- [TASK STATEMENT] Retype the listing below line for line, but only from the line with "This section explains" down to the line with "ชุดช้อนส้อมสแต", inclusive. Pictures stay out.

- [ENTRIES PROVIDED]
== Segment start ==
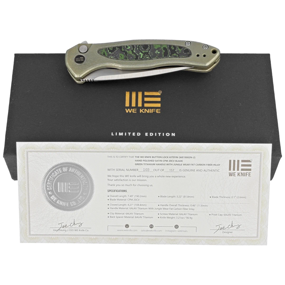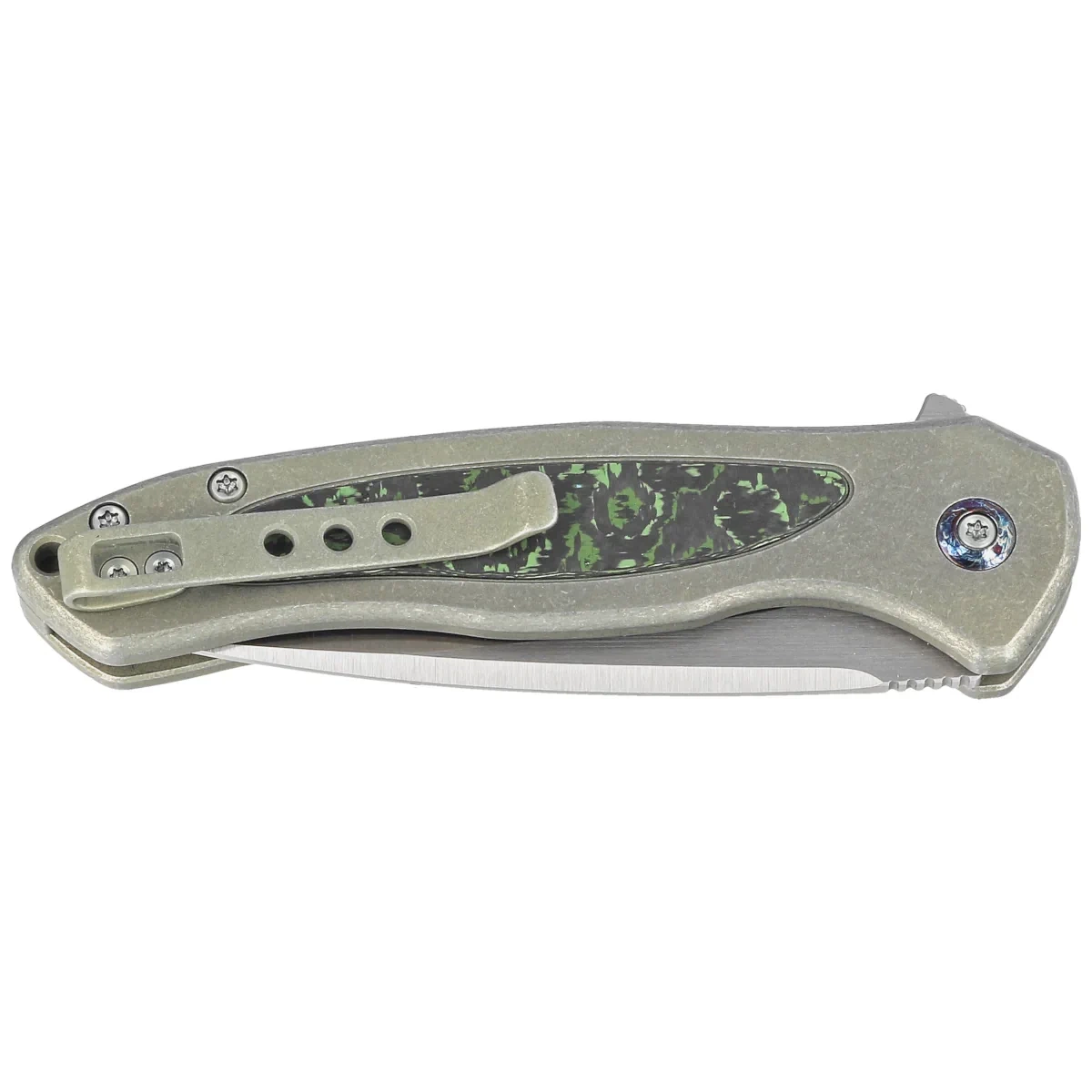 Nóż składany WE Knife Button Lock Kitefin LE No 103/157 Green Titanium/Jungle Wear Fat Carbon, Hand Polished Satin CPM 20CV (WE19002N-2)
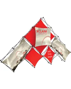 Xclaim 14ft wide 10 Quad Pyramid Kit 01 is a versatile stretch fabric popup display. Add dimension to your event or tradeshow with unique, exciting graphic styles. Xclaim 10 Quad Pyramid Kit 01 is easy to setup, lightweight and portable. The collapsible popup frame is fully magnetic (with magnetic linking connectors), making it simple to assemble and disassemble. Stretch fabric graphics come pre-attached to the frame, making assembly easy and fast. Graphics adhere to the hubs using push-fit attachment technology. Xclaim 10 Quad Pyramid Kit 01 comes with graphics, frame and soft case with a shoulder strap.
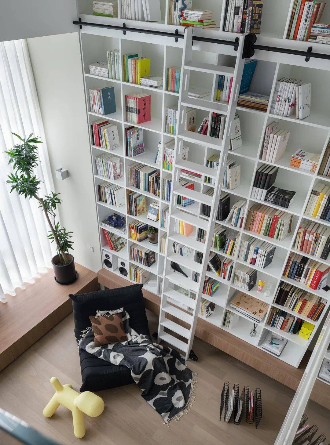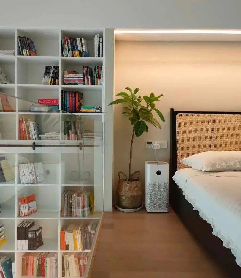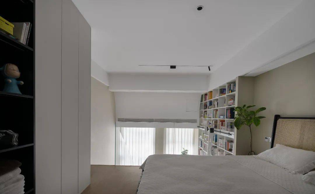 客厅最惊艳的是定制一整面高5m的全敞开式书柜,白色U8国际官方网站背景+各色书封,更有立体感。轨道滑梯的设计方便拿取书籍。
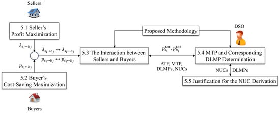 This section explains the interaction between sellers and buyers on a P2P energy market based on the seller’s profit and the buyer’s cost-saving maximization. Thereafter, it is detailed how the proposed method determines the MTP and the corresponding DLMPs of sellers and buyers using an iterative method and a graphical interpretation in conjunction with the fmincon MATLAB optimization toolbox solver (version R2022b). In recovering the DSO’s operational cost, the NUC derivation is finally justified. Each subsection of the proposed methodology is outlined in Figure 2.
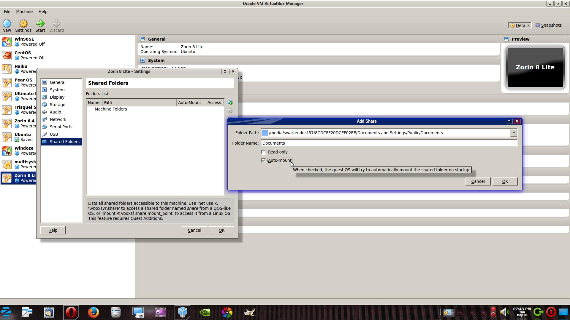 I want to share folders between the host/guest. Is this possible with Zorin Linux Lite? I've been Googling the heck out of this question with not much luck on this. I seem to get either one bad command or another. If you know how to do this, please explain. Thank you.
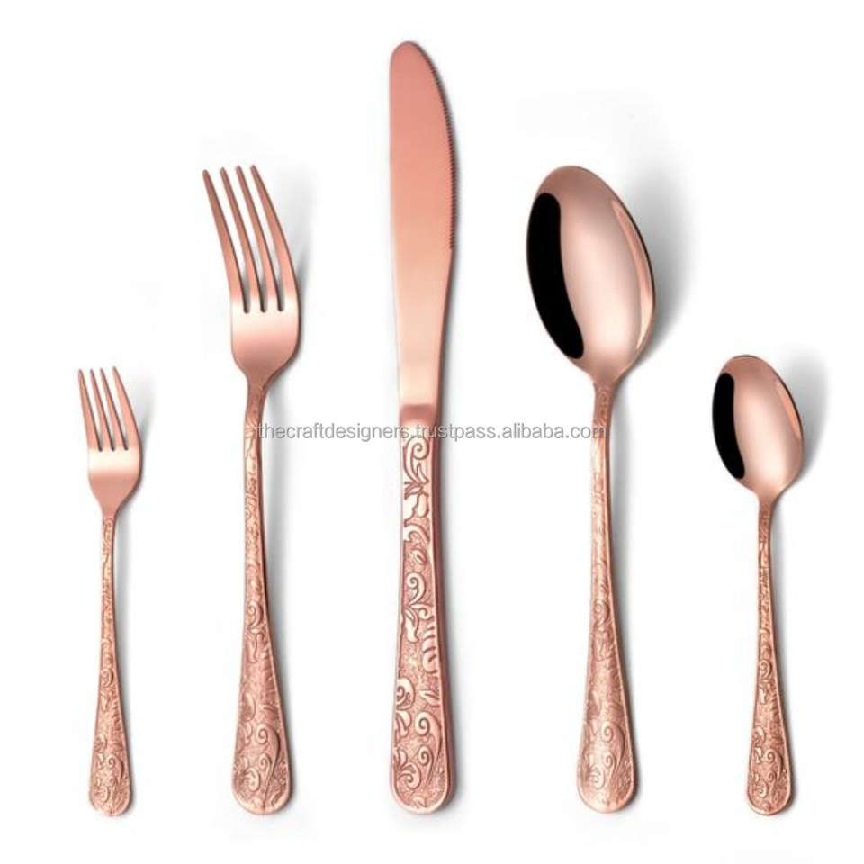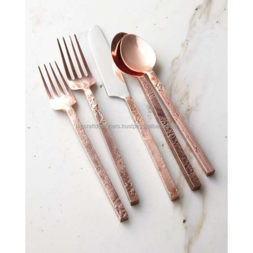 ชุดช้อนส้อมสแตนเลสสำเร็จรูปสีเงินและทองแดงสำหรับร้านอาหารและโรงแรมชุดเครื่องเงินพร้อมโลโก้
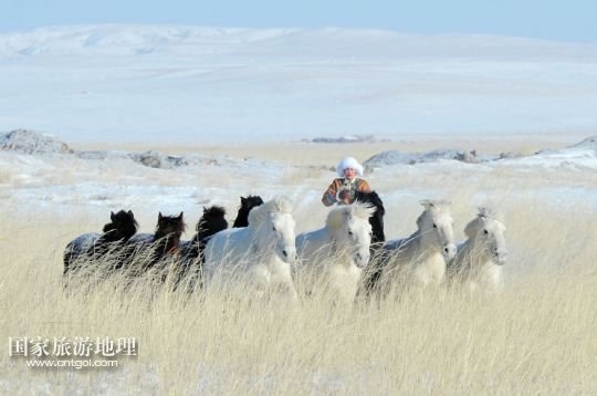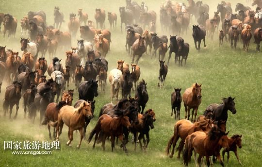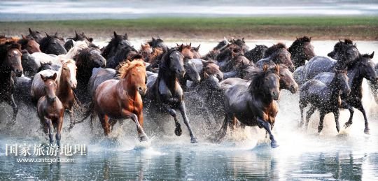 國(guó)家旅游地理 1月30日訊 一群蒙古馬在內(nèi)蒙古錫林郭勒盟阿巴嘎旗涉水奔馳(2013年7月20日攝)。風(fēng)從草原吹過,留下多少傳說。在內(nèi)蒙古草原,駿馬與人為伴,縱橫馳騁,一直和諧相處到今天。在漫長(zhǎng)的歷史長(zhǎng)河中,駿馬陪伴著人們走過了滄桑歲月,留下了許多可歌可泣的動(dòng)人傳說。
== Segment end ==
- [EXERCISE RESPONSE]
 This section explains the interaction between sellers and buyers on a P2P energy market based on the seller’s profit and the buyer’s cost-saving maximization. Thereafter, it is detailed how the proposed method determines the MTP and the corresponding DLMPs of sellers and buyers using an iterative method and a graphical interpretation in conjunction with the fmincon MATLAB optimization toolbox solver (version R2022b). In recovering the DSO’s operational cost, the NUC derivation is finally justified. Each subsection of the proposed methodology is outlined in Figure 2.
 I want to share folders between the host/guest. Is this possible with Zorin Linux Lite? I've been Googling the heck out of this question with not much luck on this. I seem to get either one bad command or another. If you know how to do this, please explain. Thank you.
 ชุดช้อนส้อมสแตนเลสสำเร็จรูปสีเงินและทองแดงสำหรับร้านอาหารและโรงแรมชุดเครื่องเงินพร้อมโลโก้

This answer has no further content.